I must answer this question: Assume that for the complete metric space $N$, $f: S \rightarrow N$ is a uniformly continuous function defined on a subset $S$ of a metric space $M$. Prove that $f$ extends to a uniformly continuous function $\bar{f}: \bar{S} \rightarrow N$. Then show that $\bar{f}$ is the unique continuous function defined on $\bar{S}$ such that $\bar{f}(x) = f(x)$ for all $x \in S$.
I start my solution by noting that if $x \in S$, then set $\bar{f} = f$. I'm not quite sure how to extend for $\bar{S} - S$, though.
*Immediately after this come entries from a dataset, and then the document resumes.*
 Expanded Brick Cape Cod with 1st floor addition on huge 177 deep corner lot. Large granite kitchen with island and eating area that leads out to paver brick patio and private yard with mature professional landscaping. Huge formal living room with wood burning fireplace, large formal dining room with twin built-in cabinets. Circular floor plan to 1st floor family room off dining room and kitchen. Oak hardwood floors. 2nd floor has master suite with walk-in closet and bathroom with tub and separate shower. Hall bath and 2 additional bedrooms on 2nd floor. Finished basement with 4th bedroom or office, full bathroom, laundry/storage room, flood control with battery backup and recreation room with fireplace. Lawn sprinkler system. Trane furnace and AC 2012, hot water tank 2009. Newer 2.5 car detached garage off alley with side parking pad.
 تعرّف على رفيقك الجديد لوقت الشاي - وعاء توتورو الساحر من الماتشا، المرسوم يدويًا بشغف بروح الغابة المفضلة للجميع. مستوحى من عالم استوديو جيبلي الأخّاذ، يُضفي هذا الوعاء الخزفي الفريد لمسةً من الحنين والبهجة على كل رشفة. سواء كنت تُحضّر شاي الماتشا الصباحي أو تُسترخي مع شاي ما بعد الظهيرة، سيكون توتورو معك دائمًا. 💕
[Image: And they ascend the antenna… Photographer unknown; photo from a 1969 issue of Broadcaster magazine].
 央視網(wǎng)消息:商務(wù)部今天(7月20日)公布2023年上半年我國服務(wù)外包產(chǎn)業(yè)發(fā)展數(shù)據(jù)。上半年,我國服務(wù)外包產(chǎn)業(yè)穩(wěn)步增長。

My intuition says that I should use the fact that $\bar{S} = \lim S$, but I'm not quite sure how to apply it. That still leaves the matter of uniqueness, which I don't have the foggiest clue of how to prove either.
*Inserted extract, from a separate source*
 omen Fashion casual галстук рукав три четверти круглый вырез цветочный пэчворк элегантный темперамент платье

For $x\in\bar S\setminus S$, pick a sequence $x_i\in S$ that converges to $x$. Because $f$ is uniformly continuous, $f(x_n)$ converges to a finite value $L(x)$. Set $f(x)=L(x)$. Similarly, because $f$ is uniformly continuous, $f(x_i)\to L(x)$ for ANY sequence $x_i\to x$ - hence $\bar f$ is unique and by construction continuous. [Edit] It is uniformly continuous since its modulus of continuity is the same as that of $f$. [\Edit].